What Do The Latest Vioxx Study Results Mean, And What Will Merck Do?
The assertions, claims, and interpretations about what the new data from the so-called "Approve" study means regarding any increased risk of a heart attack or stroke during the first year after a person stopped taking Vioxx, and how it will influence the developing Vioxx litigation, are all over the place — as you were starting to think after reading different articles.
The Wall Street Journal (WSJ) on May 12, 2006, under the headline "Merck Study Finds A Vioxx Risk After Use Ended", said that data for the fourth-year patients who were followed in the Approve study "suggests patients remained at risk of a heart attack or stroke during the first year after they stopped taking [Vioxx]." The WSJ article pointed out:
In a follow-up analysis of the 2,587-patient study called Approve that led the company to pull the drug from the market in September 2004, Merck officials said patients who took the drug during a three-year trial were 1.64 times as likely to have a heart attack or stroke during a subsequent year when they weren’t taking it, compared with those who had been on a placebo.
But this May 11, 2006 Associated Press (AP) article came at the new Approve data from a different angle, under this banner: "Study: Vioxx Users Not at Increased Risk — Study Finds Vioxx Users Not at Higher Risk of Heart Attack, Stroke in Year After Stopping Drug". This AP article showed the other side of the recent Approve data:
Merck said data from a "preliminary safety analysis" of an additional year of patient follow-up, part of the study’s original plan, did not show a statistically significant difference in the rate of heart attacks and strokes among patients who had been on Vioxx and those who had taken a dummy pill. That means the differences over that year could have been due to chance.
Merck’s general counsel Kenneth Frazier asserts that the new Approve results should help Merck defend itself against those legal cases — among the more than 11,000 Vioxx lawsuits filed against Merck to date — where a person blamed Vioxx for their heart attack or stroke event at some time in the year after they had already stopped using Vioxx. As reported in the May 11 AP Vioxx article, Mr. Frazier told analysts and reporters on a conference call: "We [at Merck] believe that the data don’t provide for a claim for a patient who had an event after they stopped taking [Vioxx]."
Perhaps Matthew Herper had the best handle on the situation when he used the headline "Vioxx: More Murk For Merck" for his May 11, 2006 online Forbes piece.
Merck says the data show that the heart risk from Vioxx does not persist, because the difference in outcomes between patients who stopped taking the drug and patients who stopped taking a placebo is not statistically significant. But responses from scientists and a Wall Street analyst were all over the map. . . .
The results do show that there is no statistically significant increase in heart attacks among patients who have stopped taking Vioxx compared to those who have stopped taking placebo.

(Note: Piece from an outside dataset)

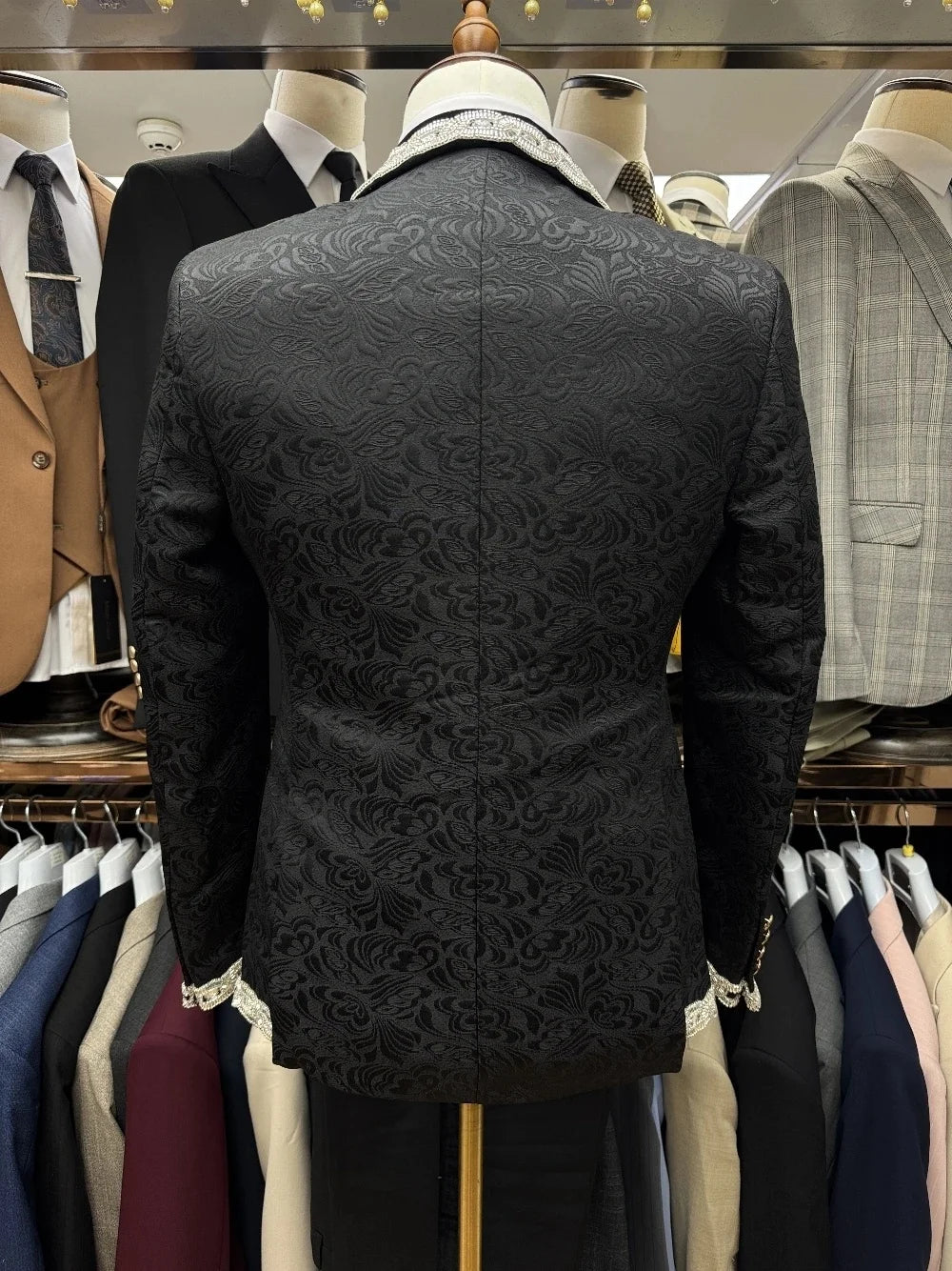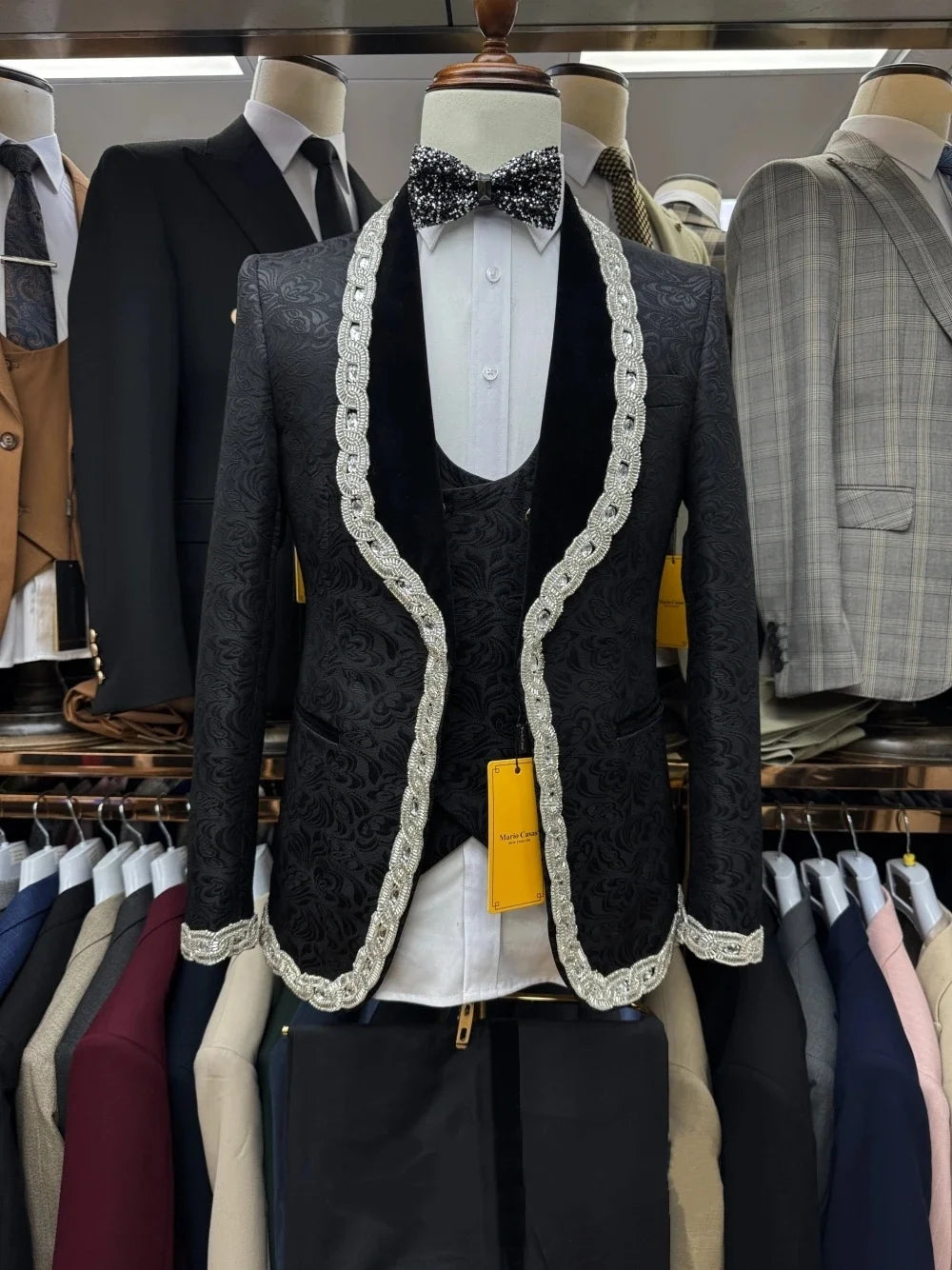 Present a refined, unforgettable wedding-day look with this Elegant Men’s 3-piece suit—tailor-made to your measurements and crafted from luxurious jacquard fabric, featuring a graceful shawl lapel, one-button blazer, coordinated vest, and tailored trousers. Thoughtfully embellished with hand-applied beading, this set balances sophisticated texture with subtle sparkle for a timeless yet modern aesthetic suited to grooms, fathers of the groom, or anyone seeking elevated formalwear.

However, the data provide no certainty. The door is left open to arguments that Vioxx may increase the risk of heart attacks and strokes. Whether that is true could be crucial as Merck defends itself against more than 11,000 Vioxx-related lawsuits.
Meanwhile, just one week before this latest development in the Vioxx litigation, from "Vioxx Heart Risk Found to Be Early and Persistent", an online piece posted May 3, 2006 on MedPage Today, we learned that perhaps even very short-term Vioxx use — as little as a week or two weeks of daily use — could increase a Vioxx user’s risk of heart attack or stroke. Moreover, in direct contradiction to some of the recent takes on the latest Approve data (see above), this MedPage article indicated that the increased risk on having a cardiovascular event ended on day seven after one stopped taking Vioxx.
The possible increased risk of having a heart attack or stroke after only short-term use was emphasized in this May 2, 2006 Bloomberg article, "Vioxx-Linked Heart Attacks May Occur Within 2 Weeks, Study Says", which starts:
Merck & Co.’s Vioxx painkiller may raise the risk of a heart attack within two weeks after patients start taking the drug, earlier than previous studies have shown, according to Canadian researchers.
More than a fourth of 239 elderly patients who had heart attacks while on Vioxx did so within six to 13 days after they first started taking the drug, according to a study published online today by the Canadian Medical Association Journal.
Of course, all of this is under consideration by the various interested parties as the two-year anniversary of the Vioxx recall, and the lawsuit filing deadline for many Vioxx plaintiffs, rolls around in September 2006.